Шрифт:
Закладка:
IV
– В нашем доме все винтом, все винтом! И это все она, ехидна, змея трехглавая, развратница!
– Отец, прошу тебя!
– Молчи, молчи! Я терпел. Я чересчур долго терпел, э, ехидну. И пусть она провалится в тартарары вместе со своей нагульной дочерью. Притопну и присыплю.
– Это возмутительно, в конце концов.
– А? Что? Возмутительно? И это ты говоришь отцу? Э? Депутатом от ехидны явился? Приданого для нагульной козявки, э? Баста, Володя! Старик еще в силе, чтобы раздавить ехидну трехглавую, развратницу, э, пускающую на ветер состояние, э, не мое, а твое, Николаево. Молчи. Молчи. Э, всему бывает конец, Володя, и даже змее. Сколько бы змея ни тянулась из-под колодины, а хвост покажет. Раздавить гадину, и кончено. Э, ты, может, воображаешь, что отец выжил из ума и не знает, где у него правая, а где левая нога? А? Что? Знает, знает, Володя.
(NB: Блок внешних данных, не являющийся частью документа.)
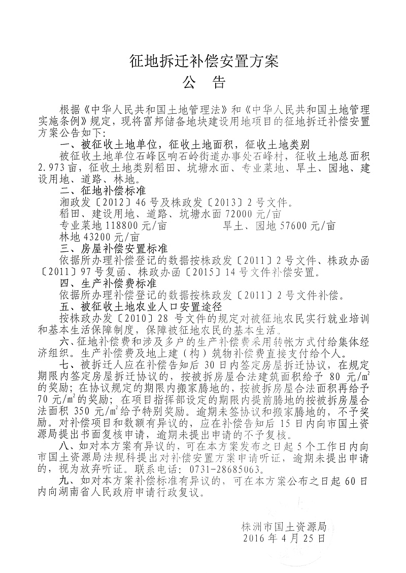 安置公告-富邦储备地块

Вот тут наболело, перекипело, и более нету мочи: час пробил! Или она меня, э, укатает, или я ее, э, спроважу из дома на все четыре стороны. Да-с, Володя. Гнать надо, гнать.
– Что же ты не гнал ее раньше? Пятнадцать, двадцать пять лет назад, когда она, как ты говоришь, путалась с Востротиным. Что же тогда не гнал? Это же началось не вчера, не позавчера, а двадцать пять лет назад. И в конце концов, ты же женился не двадцатилетним парнем, а…
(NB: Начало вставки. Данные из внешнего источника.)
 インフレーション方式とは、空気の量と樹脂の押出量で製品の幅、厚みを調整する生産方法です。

– Молчи. Молчи. Не тебе судить меня, видит Бог. Э, женился… Дай Бог, чтобы тебя так же вот не заарканили в Петербурге, э, в Петрограде теперешнем. Гляди! Там много благородных свах, э, которые, э, которые на живца ловят. Как бы Николая не изловили, Господи! Где они, мои сыновья, Создатель? На кого я оставлен на старости лет? Для кого я припас состояние, э, праведной жизнью своей?! Для кого? Ты вот семнадцать лет крутился с дипломатами, а высоко ли поднялся? До полковника? Сколько мне это стоило, э?
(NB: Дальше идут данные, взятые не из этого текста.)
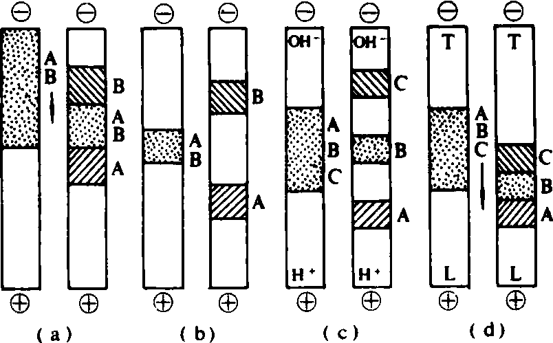 式中d为移动距离,t是时间。在确定的条件下,某种离子的迁移率为常数,是该粒子的物化特征性常数。对于处于离解平衡的体系,粒子的有效迁移率为μα,α为离解度。不同的有效迁移率有不同的泳动速度,利用这一效应可把不同的粒子彼此分离,并定性和定量。 根据分离的原理不同,电泳分析可分为4类(见图):❶移界电泳。即样品与载体电解质在电泳开始前有清晰的界面,电泳过程中,不同成分泳动的速度不同,因而先后形成不同的界面[图中(a)]。 ❷区带电泳。将样品加在置于均一载体电解质中支持物的中部位置,样品中带正或负电荷的粒子分别向负或正极以不同的速度移动,分离成区带[图中(b)]。 ❸等电聚焦。在分离室中置一pH值梯度缓冲液,pH值从分离室 一端向另一端递增。在电场中,被分离物质各自向其等电点位置聚焦。区带不扩散,越走越窄,分辨力极高[图中(c)]。 ❹等速电泳。在两个电极室中分别含有与被分离离子符号相同的先行离子(迁移率最大)和终止离子(迁移率最小),样品置于中间。电泳达平衡后,各离子区带按迁移率大小顺序先后排列,并保持一定的浓度比等速前进[图中(d)]。

– Я многим обязан Толстовым, отец. А ты поступаешь с ними…
– Обязан? Толстовым ли, сударь? Э? Золоту обязан, которое выгружалось вот из этих сейфов. Три прииска, рудник и мало ли. Я звал тебя в дело, да ты глух и нем оказался. В заморье потянуло, э, в дипломаты. И чего ты достиг? Э? Богатства? Генеральского чина? А если бы внял голосу отца, генералы бы перед тобой на цыпочках ходили. Да-с, сударь. И ехидны бы давно в доме не было. Вот она, беда-то дома Юскова! В несогласии, яко погибельном в земной юдоли. Куда ты сейчас спешишь, спрашиваю? В столицу? К чему? Э? Кто тебя там ждет? Отозвал царь-батюшка, а сам он где, э? Держись моего плеча, Володя. Дома оставайся. Дома!
– Я обязан явиться в министерство иностранных дел.
– Не обязан. Нет! Это я тебе говорю, отец. Ты просто не можешь оборвать постромки от телеги, э, мексиканца, э, разбойника, исполосованного шрамами. Истый разбойник! Как он на богатство мое нацелился, а?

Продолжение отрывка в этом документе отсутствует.